Engineering for Coherence, Not Intelligence

This understanding shifts the engineering perspective:

  • Hallucinations are seen as an indicator of coherence, not a bug [00:17:45]. They are a “system feature” [00:18:00] where the model attempts to complete a pattern if not given enough information [00:17:47].
  • Retrieval Augmented Generation (RAG) is crucial.
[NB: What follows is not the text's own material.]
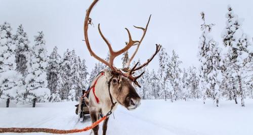 约09:00 乘车前往【驯鹿场】, 您可以跟驯鹿近距离的接触并体验鹿拉雪橇,在热情的萨米人家庭里品尝特色热饮,感受萨米人的热情及环境。

RAG fragments serve as “factual anchors” [00:18:16] that create “contextual gravity” [00:18:20], pulling the concept in the desired direction [00:18:22]. RAG provides the “structural scaffolding that shapes how coherency unfolds” [00:18:27].

Three-Layer Model

To build for coherence, a three-layer model is proposed, relating to the components of AI agents:

  • Layer 1: Latent Space [00:18:45] – The internal model structure, including concepts, weights, and activations.
  • Layer 2: Execution Layer [00:18:51] – Tools, APIs, and retrieval mechanisms, which bring external context for Layer 1. This includes aspects of Memory Management in AI.
  • Layer 3: Conversational Interface [00:19:00] – Where human intent and thought are passed to the machine, providing grounding for layers 1 and 2 to be actionable.

Building Principles

When building for coherence, key principles include:

  • Prompting as Interfaces: Prompts should not be considered “once off” but as a component in a system [00:19:19].
  • RAG for Grounding: Use RAG as “coherency anchors” to steer generation [00:19:26], as dense, relevant context acts like gravity [00:19:30].
  • Design for Emergence: Recognize that the system is not deterministic [00:19:37] and build around the “frame, generate, judge, iterate” loop [00:19:39].
  • Avoid Fragile Chains: Long reasoning chains can break coherence [00:19:44]. Instead, keep chains modular and reinforce context at each point [00:19:47].
  • Monitor for Breakdowns: Watch for changes in tone, structure, or flow as early signs of context loss [00:19:53]. These breakdowns indicate where to debug the system, potentially by adjusting chunk size in a vector database or integrating other tools [00:20:01].

Ultimately, LLMs are described as a “high-dimensional mirror” [00:20:17]. They do not understand or think but resonate through structure [00:20:26]. Their superpower is coherence, not intelligence, and the “magic happens in the collaborative dance” between human intent and the model’s pattern alignment [00:20:34]. The goal for developers should be to design for “structured resonance” [00:20:42].